Should women who elect to have caesarean sections pay for them?BMJ 1999; 318 doi: https://doi.org/10.1136/bmj.318.7190.1070 (Published 17 April 1999) Cite this as: BMJ 1999;318:1070
- I Z MacKenzie, Reader in obstetrics and gynaecology
- Nuffield Department of Obstetrics and Gynaecology, John Radcliffe Hospital, Headington, Oxford OX3 9DU
EDITOR—The issue of whether doctors should perform elective caesarean sections on request confronts obstetricians almost daily.1 Neither the original articles in the BMJ on elective caesarean section nor the correspondence that followed quantified the problem in the United Kingdom. 1 2
The table illustrates the primary indications for 978 caesarean sections performed before labour in 1976, 1986, and 1996 at the John Radcliffe Hospital in Oxford. The information was collected prospectively as part of a larger study.3 The most dramatic change has been the increase in the proportion of elective caesarean sections performed during labour at the woman's request. Of 911 caesarean sections performed during labour in 1976 and 1986 none were done at the woman's request but in 1996, 6% were done at the mother's request.
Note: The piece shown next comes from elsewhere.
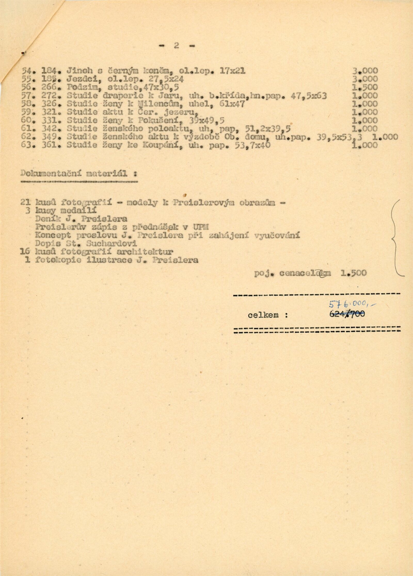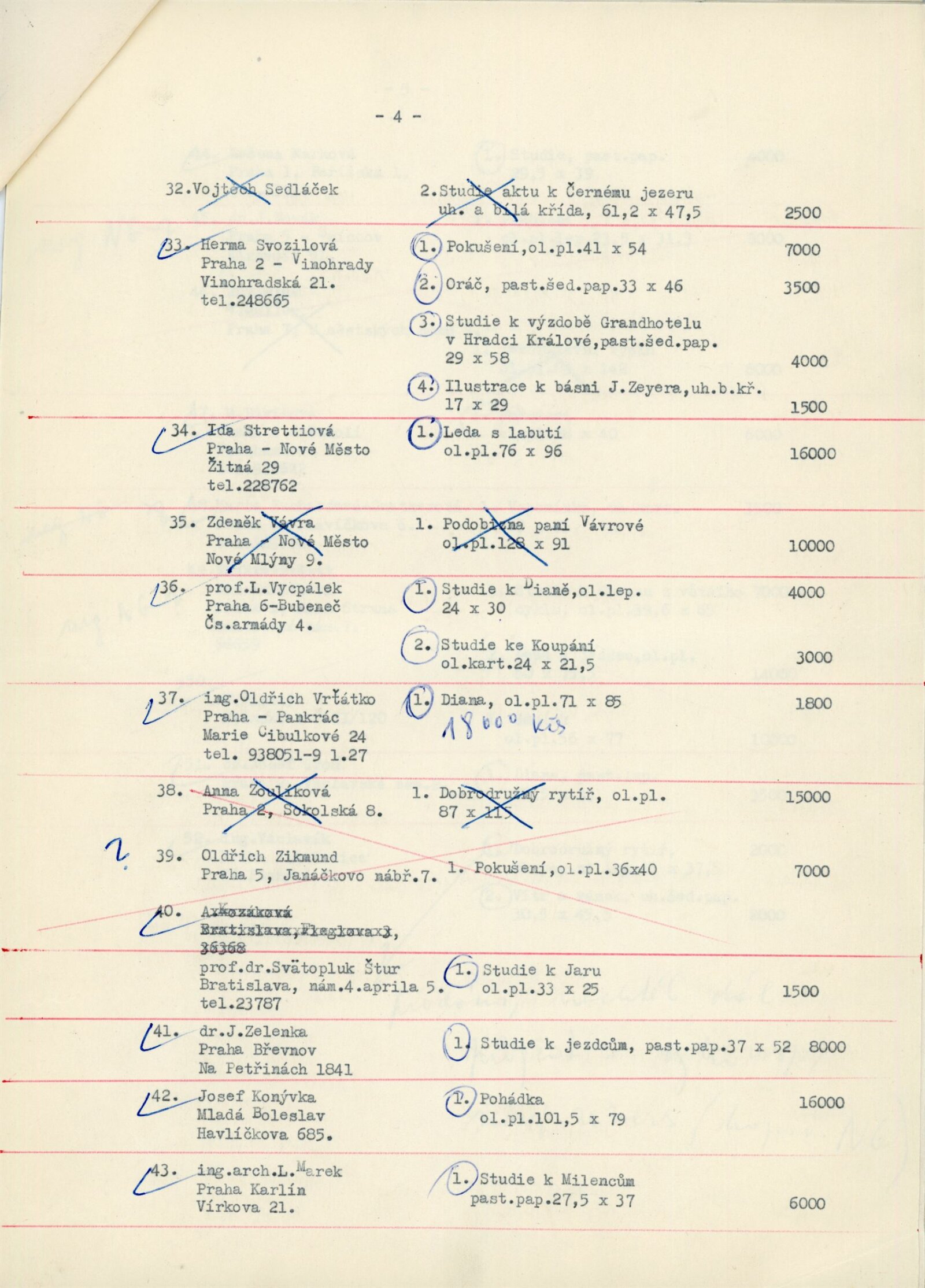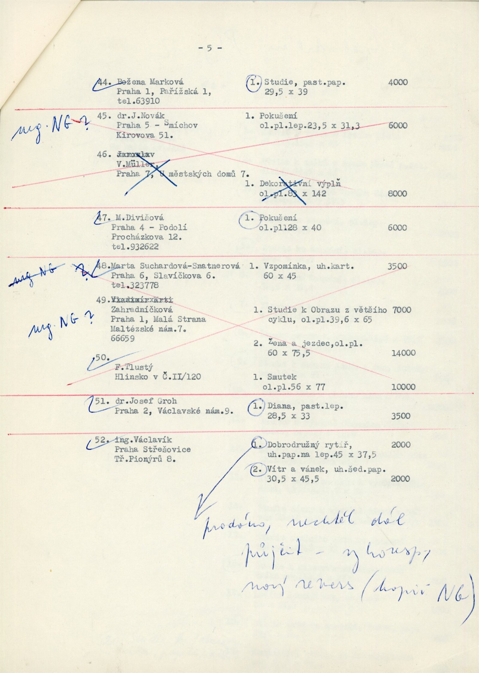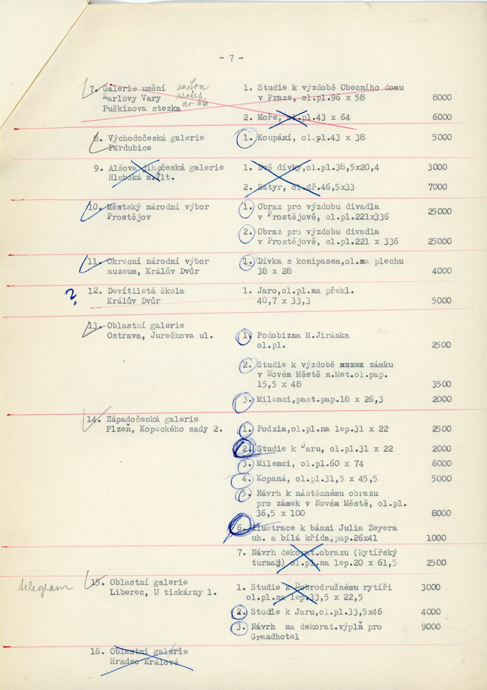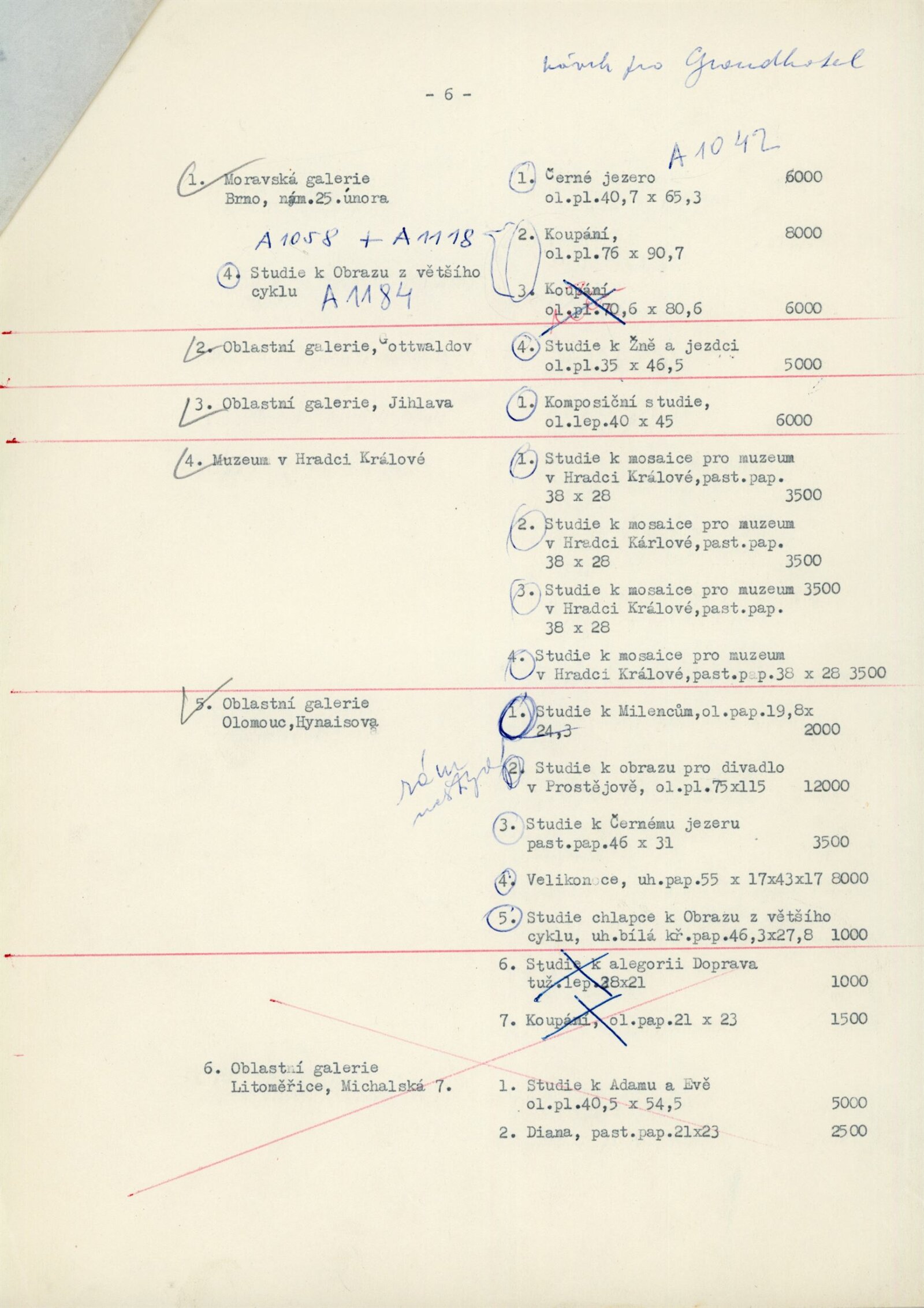 pozvánka, text k výstavě, seznam vystavených a nevystavených prací, soupis majitelů děl, fotografie děl, korespondence, reverzy, recenze v tisku

The added morbidity and mortality associated with caesarean sections compared with vaginal delivery are clearly relevant2 but personal experience suggests that the patient's awareness of this does not reduce the demand.
The cost to the NHS for a caesarean section is not established2 but it has been calculated for the John Radcliffe Hospital at £668 ($1069), which includes the preoperative check (£6), the operation (£188), and a mean 4.2 days in the postnatal ward (£475).4 The cost of inducing labour has been calculated at £644 for a nulliparous woman and £494 for a multiparous woman which includes the induction, intrapartum care with delivery, and a mean 2.1 days in the postnatal ward.4 Using these figures, it would be reasonable to make a small charge for those women who request a caesarean section that is not medically indicated. Since it is widely accepted that women should be allowed to choose delivery by caesarean section,2 labour induction as term approaches should also be accepted despite current opposition from obstetricians and midwives. The risk of caesarean section to a woman's health and life should, however, be made clear.